## [Aim of the task]
Exact copies of the lines below are the goal; any images in them are dropped.

BEGIN Records

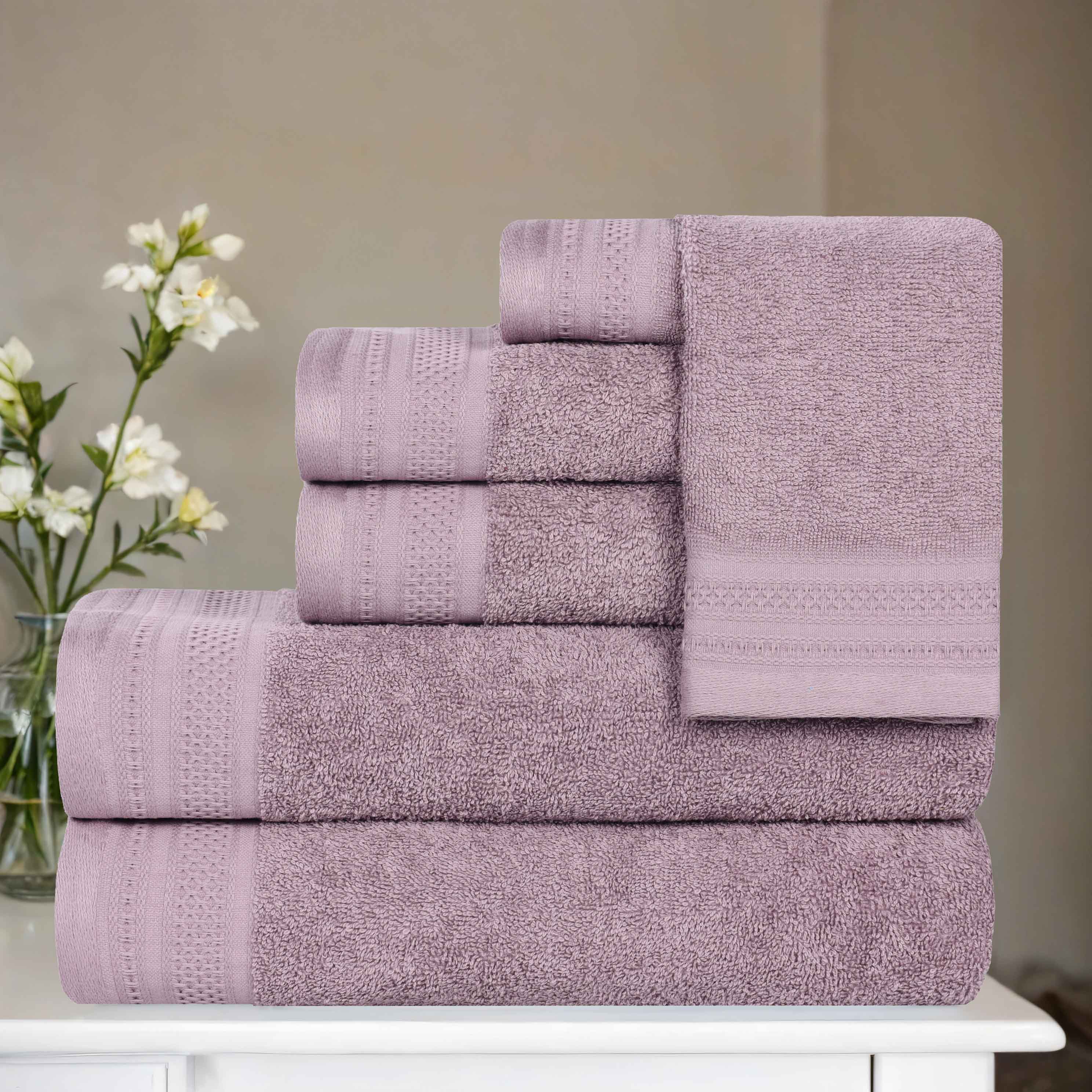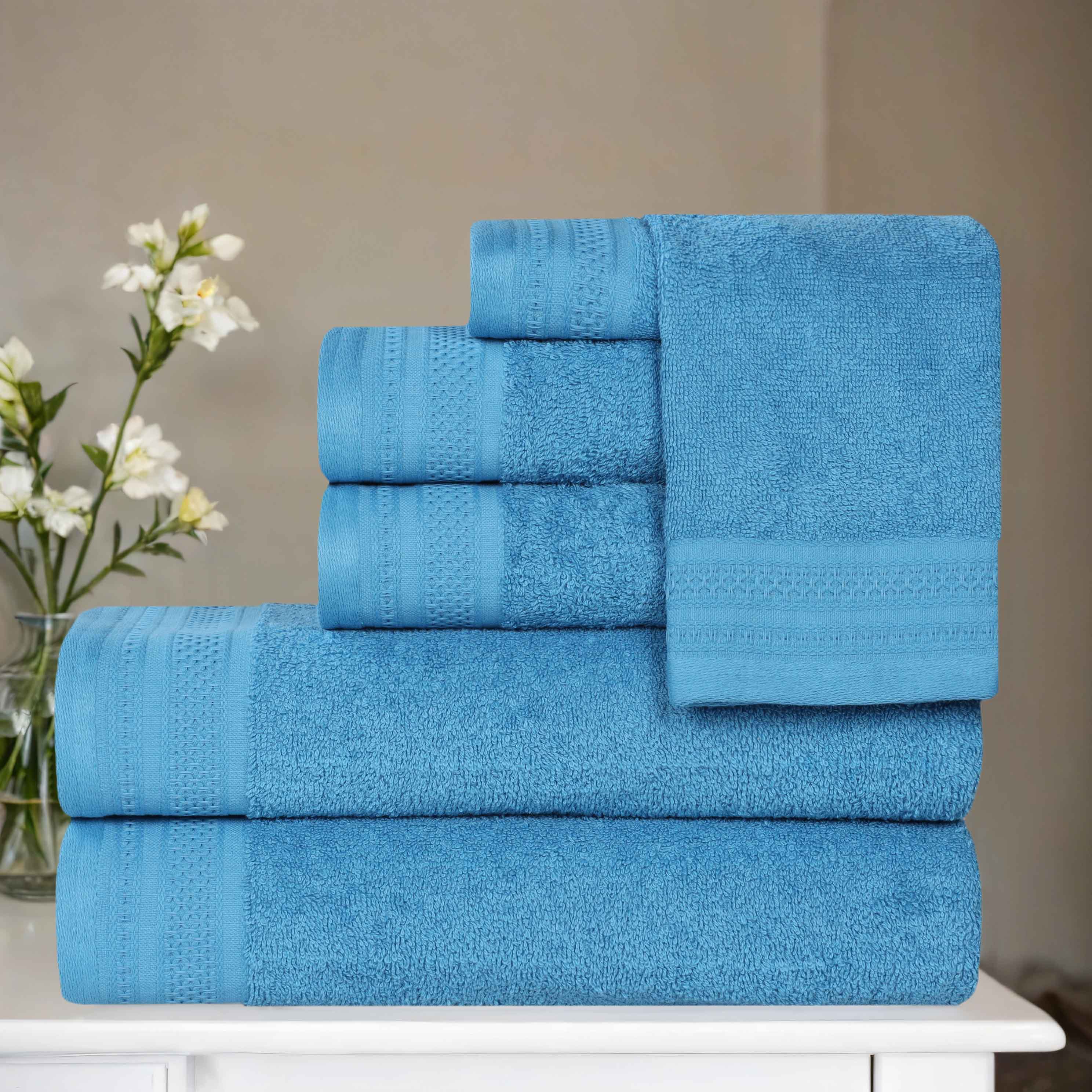 This is a high – quality 6 – piece towel set crafted from 100% cotton. The towels come in a variety of neutral and pastel colors like azure, gold, and sage. Each towel features a decorative honeycomb – like border on a solid – colored main body, adding an elegant touch to the overall design.
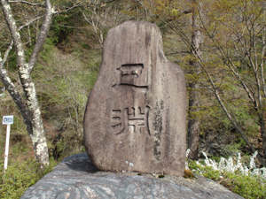 岩をかみ蒼くうずまく巴が渕、四季の風情が魅する巴が渕。木曽川の悠久の流れと共に、この巴が渕の余情はみつみつとして、今も世の人の胸にひびき伝わる。
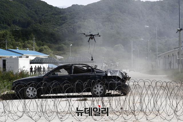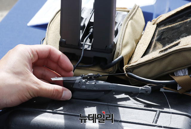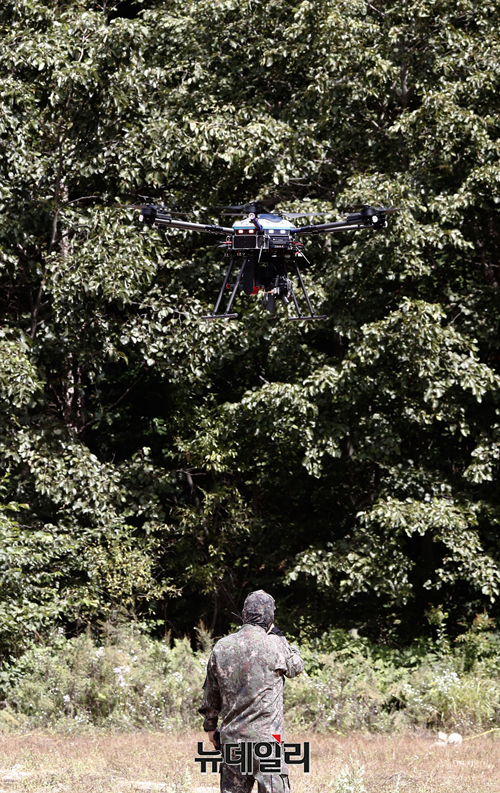 육군 장병이 16일 오후 강원 인제군 육군과학화전투훈련단(KCTC)에서 '아미 타이거(Army TIGER) 4.0' 전투수행에 앞서 소총 사격드론을 점검하고 있다.아미 타이거 4.0은 육군을 의미하는 영문 ARMY와 4차 산업혁명 기술로 강화된 지상군의 변화를 의미하는 Transformative Innovation of Ground forces Enhanced by the 4th industrial Revolution technology의 앞 철자를 딴 합성어다. 4.0은 4세대 첨단과학기술을 의미한다.육군은 "2023년까지 전투실험을 마치고 2024년과 2025년에는 치륜형장갑차 2개 대대 규모를 시험 운용한 후 사·여단급 부대를 대상으로 Army TIGER 4.0 단계적으로 확대하겠다"고 밝혔다. (사진=공동취재단)
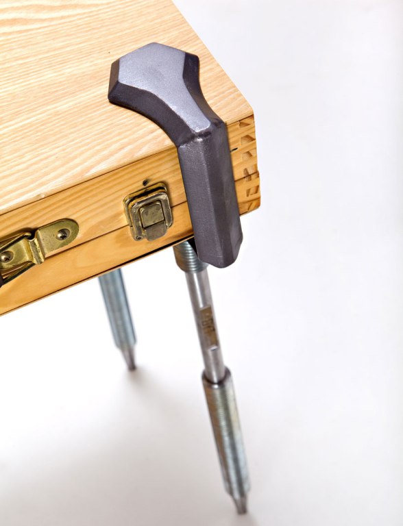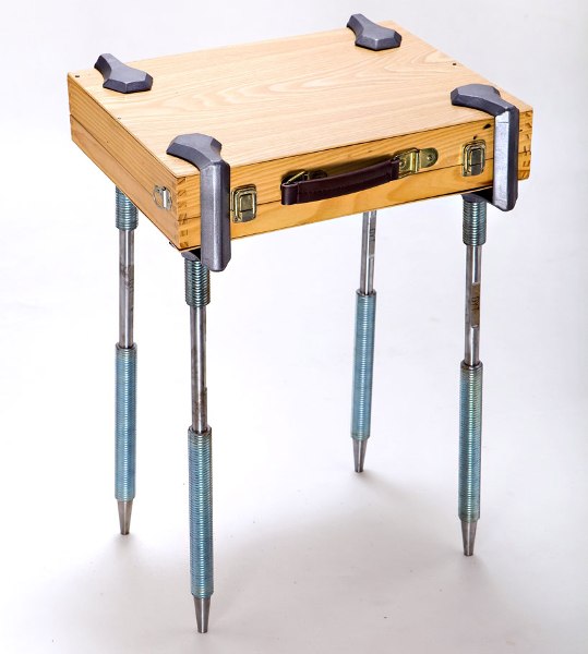 呼~扯了好久終於轉回來了,這個設計是正在以色列就讀設計學院的學生yael zwickel所完成的,名為「Make a Table」,他的設計概念就是希望可以在任何需要桌子的場合,就可以利用手邊既用的書本、板子、鍋碗瓢盆柴米油鹽醬醋茶當桌面,再簡單調整螺絲,迅速組成一張桌子。
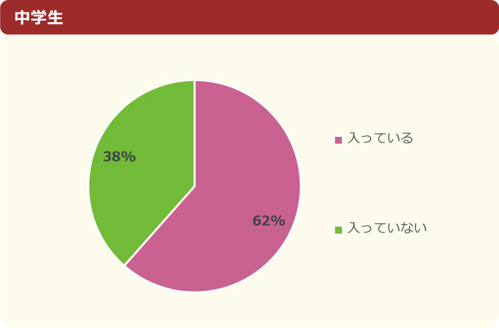 グループチャットに「入っている」と回答した人は小学生は35%なのに対し、中学生は62%と半数以上の人がグループチャットに入っていることがわかりました。
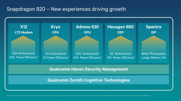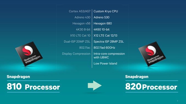 一個月前,高通正式發布了新旗艦處理器骁龍820,規格看上去無比強大:14nm FinFET工藝、自主架構64位CPU Kryo、自主架構GPU Adreno 530、Hexagon 680 DSP處理器、雙ISP處理器和2800萬像素攝像頭、LPDDR4雙通道內存、UFS 2.0存儲、802.11ad無線網絡、X12/13 600Mbps整合基帶、Quick Charge 3.0快速充電……

END Records

## [Worked solution]
 This is a high – quality 6 – piece towel set crafted from 100% cotton. The towels come in a variety of neutral and pastel colors like azure, gold, and sage. Each towel features a decorative honeycomb – like border on a solid – colored main body, adding an elegant touch to the overall design.
 岩をかみ蒼くうずまく巴が渕、四季の風情が魅する巴が渕。木曽川の悠久の流れと共に、この巴が渕の余情はみつみつとして、今も世の人の胸にひびき伝わる。
 육군 장병이 16일 오후 강원 인제군 육군과학화전투훈련단(KCTC)에서 '아미 타이거(Army TIGER) 4.0' 전투수행에 앞서 소총 사격드론을 점검하고 있다.아미 타이거 4.0은 육군을 의미하는 영문 ARMY와 4차 산업혁명 기술로 강화된 지상군의 변화를 의미하는 Transformative Innovation of Ground forces Enhanced by the 4th industrial Revolution technology의 앞 철자를 딴 합성어다. 4.0은 4세대 첨단과학기술을 의미한다.육군은 "2023년까지 전투실험을 마치고 2024년과 2025년에는 치륜형장갑차 2개 대대 규모를 시험 운용한 후 사·여단급 부대를 대상으로 Army TIGER 4.0 단계적으로 확대하겠다"고 밝혔다. (사진=공동취재단)
 呼~扯了好久終於轉回來了,這個設計是正在以色列就讀設計學院的學生yael zwickel所完成的,名為「Make a Table」,他的設計概念就是希望可以在任何需要桌子的場合,就可以利用手邊既用的書本、板子、鍋碗瓢盆柴米油鹽醬醋茶當桌面,再簡單調整螺絲,迅速組成一張桌子。
 グループチャットに「入っている」と回答した人は小学生は35%なのに対し、中学生は62%と半数以上の人がグループチャットに入っていることがわかりました。
 一個月前,高通正式發布了新旗艦處理器骁龍820,規格看上去無比強大:14nm FinFET工藝、自主架構64位CPU Kryo、自主架構GPU Adreno 530、Hexagon 680 DSP處理器、雙ISP處理器和2800萬像素攝像頭、LPDDR4雙通道內存、UFS 2.0存儲、802.11ad無線網絡、X12/13 600Mbps整合基帶、Quick Charge 3.0快速充電……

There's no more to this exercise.